The journey was both the most thrilling and terrifying yet. At this stage I felt like I had the bus journey's down - you know they are going to drive too fast for comfort and insist on passing at crazy speeds on blind corners, thats been the norm pretty much everywhere. Sumatra is not croweded with toursits like everywhere else, and ther are know tourists buses to get between points. For people traveling alone the local vans are it unless you are traveling with enough people to hire a car. Well, by local bus station in Medan they meant a tiny store front with a van parked in front on which every panel was a differnt color and I could see men hauling a pig, a few cages of birds and a motorbike onto the roof secured with ropes. I was also the only tourist in site and definitely the only girl getting on the van.
Going into this I knew that Northern Sumatra was less of a backpacker trail, but I have met enough people along the way that had done it and raved about how worthwhile it was that I didn't want to miss it even if it meant traveling more stretches alone than I have elesewhere in southeast asia where you always meet loads of other travellers heading the same way.

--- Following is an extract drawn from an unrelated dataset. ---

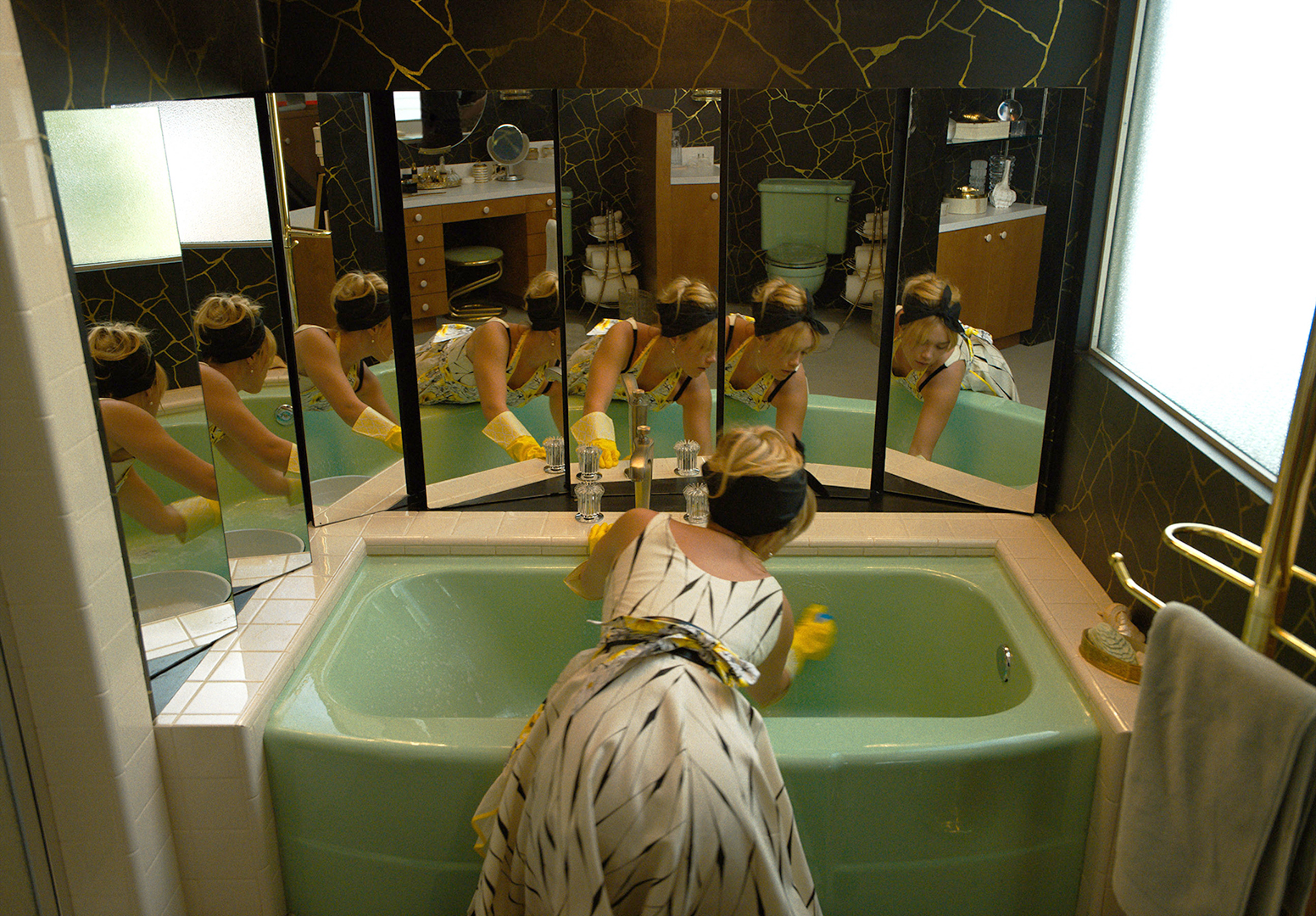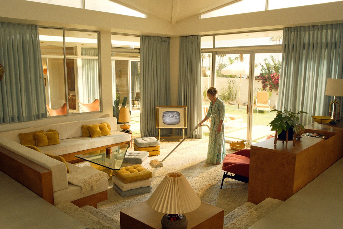 Among the unrelenting gossip and messy he-said-she-said narratives surrounding Olivia Wilde’s feature film Don’t Worry Darling, there is a singular diamond in the rough: the movie itself. Don’t worry (pun intended), we’re not rebranding as a film-reviewing platform; we’re more focused on how it looks. Upon arriving in Wilde’s made-up realm, Victory, viewers are met with a 1950s dreamscape: Mid-century modern homes decorate the sunny desert landscape while beautifully dressed women tend to their houses—cleaning with retro appliances and sipping martinis out of mod glassware. Most of the film is captured within the confines of Jack (played by Harry Styles) and Alice’s (Florence Pugh) pristine abode, and even though their sunken living room had us feeling nostalgic, the bathroom wallpaper is what really caught our eye.
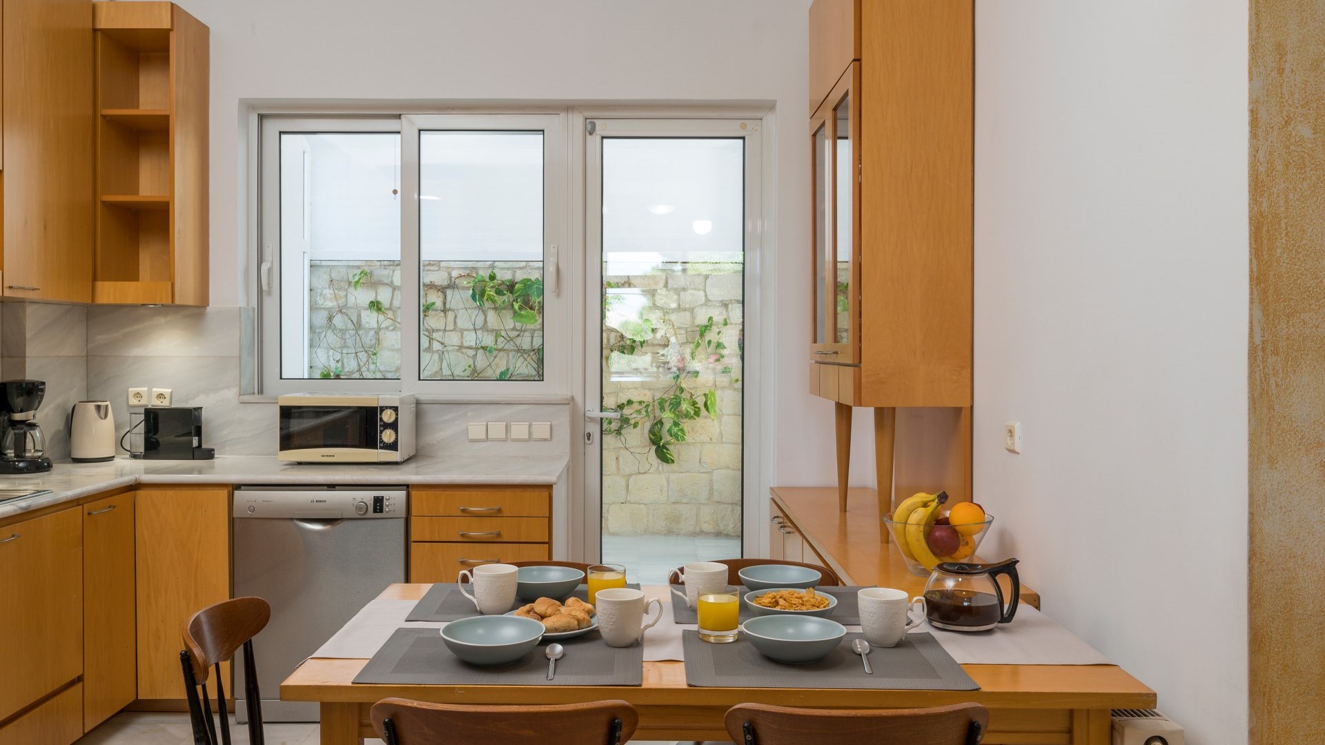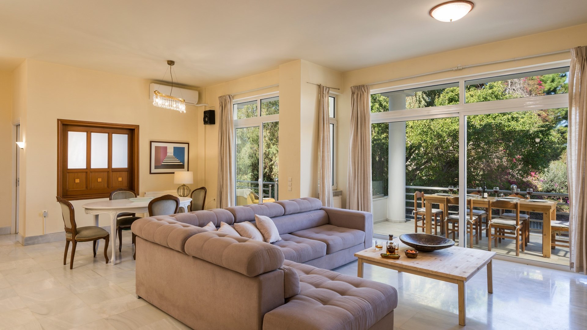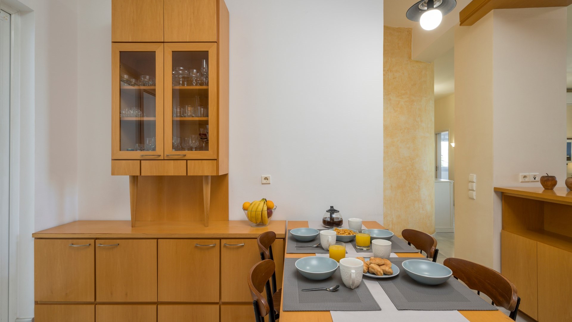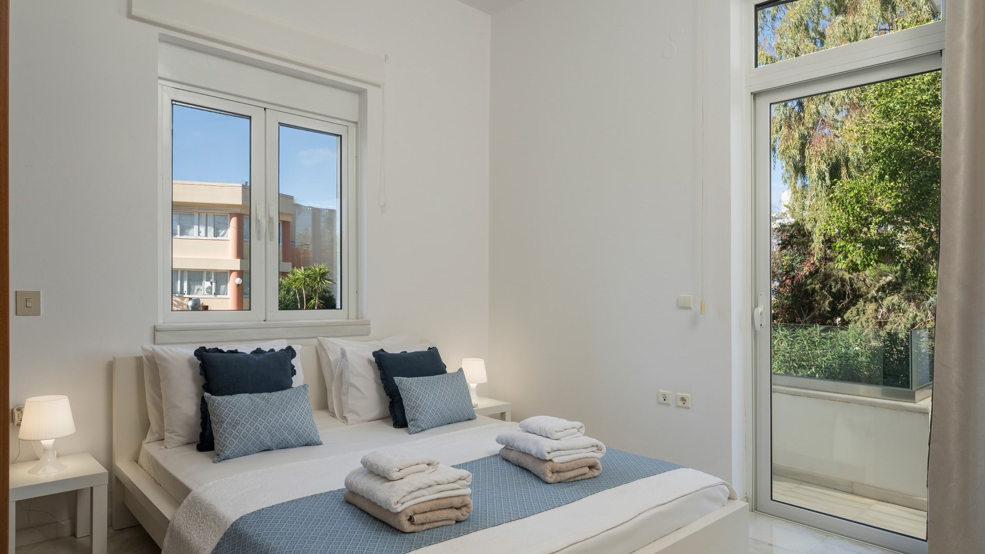 The apartment is sited in the resort area of Agii Apostoli, only 10 min. drive from Chania center! The picturesque, sandy coves of Agii Apostoli, only 5 min. walking distance from the apartment, organized with sunbeds and small beach bars, will offer you all day relaxation at the beach! The highlight of the area is the big park, with trees, a kids playground and several resting points, offered for morning and evening walks! Two big super markets, mini markets, pharmacies, cafes, restaurants and all kind of shops are offered also in walking distance!

My feelings on the bus ride were moments of sharp fear that we were definitly going to collide with the masive truck with god knows what heaped on it heading straight at us as our driver attempts a harrowing pass, before somehow swooping into the smallest space betwee two cars on our side of the road at as close to the last minute as possilble. Then riding literally on the bumper of the car in front before doing it again! It was definitely hair-raising - but I was also laughing to myself thinking "well, you wanted adventure, you got it!" And as soon as we got out of Medan the spectacular natural beauty of the country was pretty breathtaking. And now that I am way up high looking over theland below from Berstagi - I think about 2,000 meters above sea level I am SO happy I made the decision to come here. The town has some old Dutch architecture and it is bookended by two big Volcanoes on each side - One of which, Sibayek, that you can climb to the top of in a day (that was my plan for today, but then I picked up Malcom Gladwell's latest book, What the Dog Saw, and like his othhr three books I haven't moved from one spot all day reading it)
The atmosphere up here is very headclearing and the air is nice and cool. Such a welome change.
From here I will brave the local vans once again and head to the giant lake called Danua Toba in the middle of Sumatra that sounds pretty spectacular.